What this task involves: Each line in the material below, starting at the one with "Covor de Yoga" and ending at the one with "Additionally, evidence suggests", is to be reproduced exactly; no picture is to be copied.

Records:
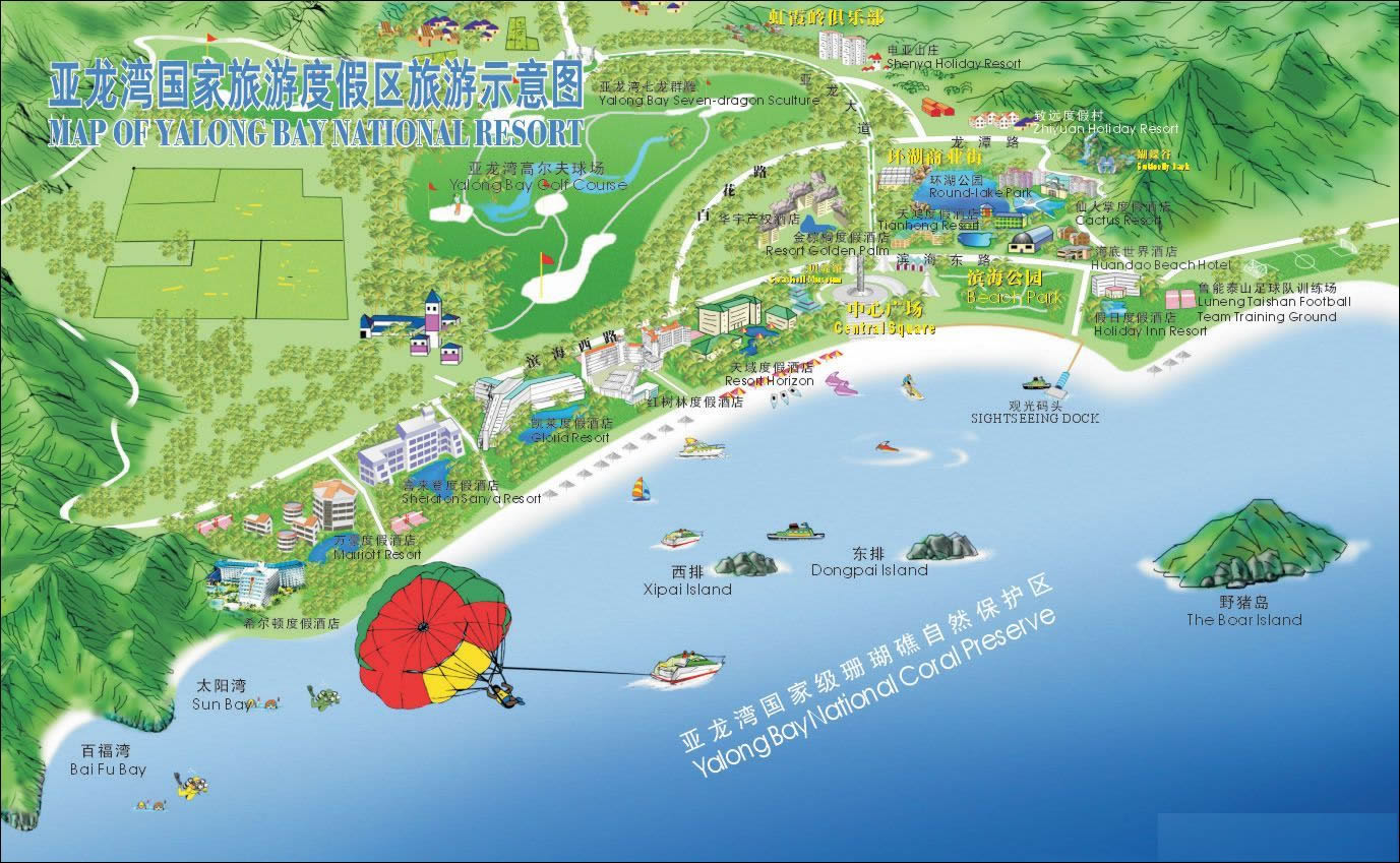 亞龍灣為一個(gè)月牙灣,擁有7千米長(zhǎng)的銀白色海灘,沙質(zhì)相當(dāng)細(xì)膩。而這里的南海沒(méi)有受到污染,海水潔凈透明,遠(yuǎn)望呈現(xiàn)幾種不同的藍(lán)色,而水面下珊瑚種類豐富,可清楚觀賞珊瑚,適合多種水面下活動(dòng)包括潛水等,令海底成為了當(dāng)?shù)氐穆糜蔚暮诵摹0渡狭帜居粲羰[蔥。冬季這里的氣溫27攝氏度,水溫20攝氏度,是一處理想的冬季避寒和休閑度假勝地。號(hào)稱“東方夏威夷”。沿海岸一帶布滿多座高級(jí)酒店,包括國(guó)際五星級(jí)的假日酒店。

==

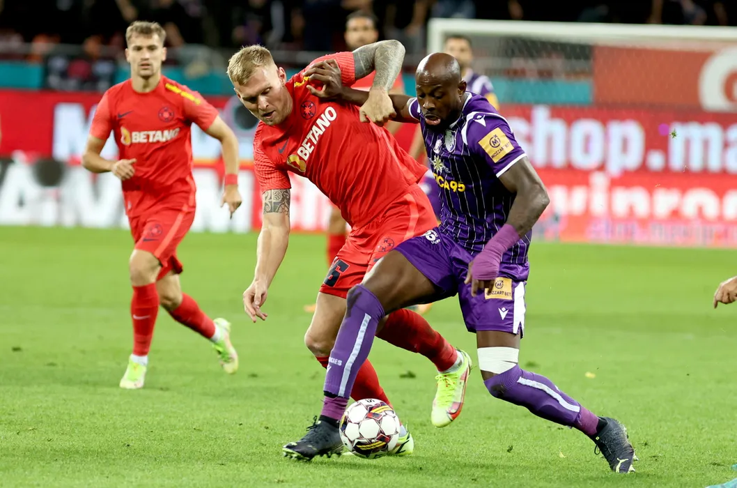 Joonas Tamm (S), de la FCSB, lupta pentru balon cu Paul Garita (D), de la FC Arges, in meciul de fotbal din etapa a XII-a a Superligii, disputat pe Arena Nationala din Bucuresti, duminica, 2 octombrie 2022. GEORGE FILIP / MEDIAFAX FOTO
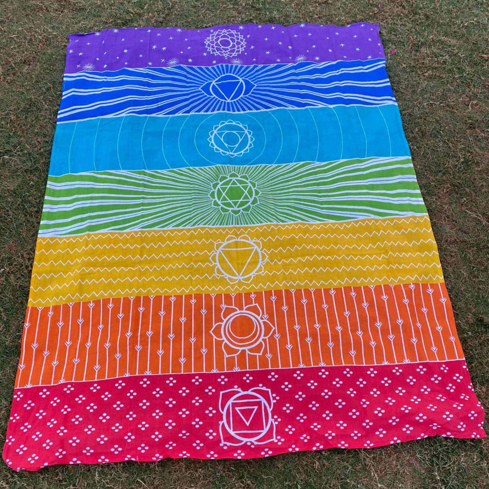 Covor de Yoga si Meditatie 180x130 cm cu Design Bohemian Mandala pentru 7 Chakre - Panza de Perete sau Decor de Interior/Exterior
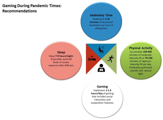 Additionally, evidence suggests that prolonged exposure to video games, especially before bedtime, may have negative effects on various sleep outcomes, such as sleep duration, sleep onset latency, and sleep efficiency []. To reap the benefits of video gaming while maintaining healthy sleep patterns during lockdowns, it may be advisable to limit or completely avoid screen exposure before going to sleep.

Response to this exercise:
 Covor de Yoga si Meditatie 180x130 cm cu Design Bohemian Mandala pentru 7 Chakre - Panza de Perete sau Decor de Interior/Exterior
 Additionally, evidence suggests that prolonged exposure to video games, especially before bedtime, may have negative effects on various sleep outcomes, such as sleep duration, sleep onset latency, and sleep efficiency []. To reap the benefits of video gaming while maintaining healthy sleep patterns during lockdowns, it may be advisable to limit or completely avoid screen exposure before going to sleep.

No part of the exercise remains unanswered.